Practitioner Certificate Creative Writing for Therapeutic Purposes (CWTP) for Therapists

Diploma

OVERVIEW

This Practitioner Certificate offers qualified therapists and senior trainees the opportunity to learn about principles, practice and applications of Creative Writing for Therapeutic Purposes (CWTP). All are welcome – you do not have to have done much creative writing before, only be willing to participate.

We will look at applications and ways of working with writing and creativity, and how these might contribute to therapists’ existing practice, or in their own creative and reflective process and self-care.

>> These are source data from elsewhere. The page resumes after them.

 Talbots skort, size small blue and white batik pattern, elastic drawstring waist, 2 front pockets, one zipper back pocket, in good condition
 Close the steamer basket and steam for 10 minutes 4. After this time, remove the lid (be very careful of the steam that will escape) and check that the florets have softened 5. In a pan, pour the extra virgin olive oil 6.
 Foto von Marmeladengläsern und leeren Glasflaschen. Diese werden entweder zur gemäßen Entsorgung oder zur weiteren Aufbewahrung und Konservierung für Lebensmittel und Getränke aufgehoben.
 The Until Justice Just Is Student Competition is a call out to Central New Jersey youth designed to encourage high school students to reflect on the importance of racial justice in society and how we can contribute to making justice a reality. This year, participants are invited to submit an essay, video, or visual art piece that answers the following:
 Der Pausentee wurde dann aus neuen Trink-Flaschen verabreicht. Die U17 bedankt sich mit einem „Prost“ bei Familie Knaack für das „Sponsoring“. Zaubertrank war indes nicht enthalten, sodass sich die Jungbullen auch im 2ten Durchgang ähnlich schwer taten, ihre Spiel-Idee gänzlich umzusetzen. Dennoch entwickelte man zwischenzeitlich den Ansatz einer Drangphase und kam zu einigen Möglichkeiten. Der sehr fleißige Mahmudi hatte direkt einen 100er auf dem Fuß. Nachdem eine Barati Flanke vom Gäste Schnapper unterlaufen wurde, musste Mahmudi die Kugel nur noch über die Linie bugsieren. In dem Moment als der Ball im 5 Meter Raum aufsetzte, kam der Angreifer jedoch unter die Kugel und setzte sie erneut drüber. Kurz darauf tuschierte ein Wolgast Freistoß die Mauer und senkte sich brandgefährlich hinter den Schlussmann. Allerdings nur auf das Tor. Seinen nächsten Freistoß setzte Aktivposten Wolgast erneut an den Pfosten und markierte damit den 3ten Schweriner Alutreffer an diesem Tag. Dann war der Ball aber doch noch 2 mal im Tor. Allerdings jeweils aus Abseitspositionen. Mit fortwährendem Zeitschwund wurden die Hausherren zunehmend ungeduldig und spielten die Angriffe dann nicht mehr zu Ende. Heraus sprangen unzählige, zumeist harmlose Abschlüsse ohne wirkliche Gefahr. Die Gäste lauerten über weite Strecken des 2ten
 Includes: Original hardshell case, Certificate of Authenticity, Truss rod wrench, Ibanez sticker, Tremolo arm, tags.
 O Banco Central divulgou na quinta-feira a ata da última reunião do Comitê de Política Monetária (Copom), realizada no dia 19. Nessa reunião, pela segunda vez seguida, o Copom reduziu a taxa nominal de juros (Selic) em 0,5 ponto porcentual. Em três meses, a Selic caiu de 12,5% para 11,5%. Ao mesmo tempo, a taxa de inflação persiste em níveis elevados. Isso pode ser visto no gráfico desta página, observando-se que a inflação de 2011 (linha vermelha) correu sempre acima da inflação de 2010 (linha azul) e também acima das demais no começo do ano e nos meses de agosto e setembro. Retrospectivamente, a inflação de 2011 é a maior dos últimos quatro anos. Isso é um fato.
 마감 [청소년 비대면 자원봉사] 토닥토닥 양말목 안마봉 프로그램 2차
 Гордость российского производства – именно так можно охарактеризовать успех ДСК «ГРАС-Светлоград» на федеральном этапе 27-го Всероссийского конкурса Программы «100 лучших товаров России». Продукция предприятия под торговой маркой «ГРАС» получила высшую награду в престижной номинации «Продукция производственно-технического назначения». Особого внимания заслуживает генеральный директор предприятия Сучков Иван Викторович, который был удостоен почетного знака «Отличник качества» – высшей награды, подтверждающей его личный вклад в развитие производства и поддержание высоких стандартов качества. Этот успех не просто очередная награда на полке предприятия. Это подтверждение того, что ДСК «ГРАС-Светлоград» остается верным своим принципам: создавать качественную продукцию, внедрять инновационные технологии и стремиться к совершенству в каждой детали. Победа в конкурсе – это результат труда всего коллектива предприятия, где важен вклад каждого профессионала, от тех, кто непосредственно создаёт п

The 10 days (5 x 2 day workshops) provide a lively and engaging introduction to CWTP theory and practice. Highly experienced tutors combine experiential learning with taught elements and carefully-chosen reading. You will be guided through creative writing and reflection exercises in a supportive and accessible way that is designed to enable all who wish to learn more about this field to participate and develop as practitioners. There will be a reading list and tasks set before and between sessions.

TARGET

The course is suitable for qualified therapists and senior trainees who are interested in learning about Creative Writing for Therapeutic Purposes and its applications. There will be creative writing activities for students in each learning day as part of the experiential learning.

COURSE DATES

(*please note – in June the days are Saturday and Sunday)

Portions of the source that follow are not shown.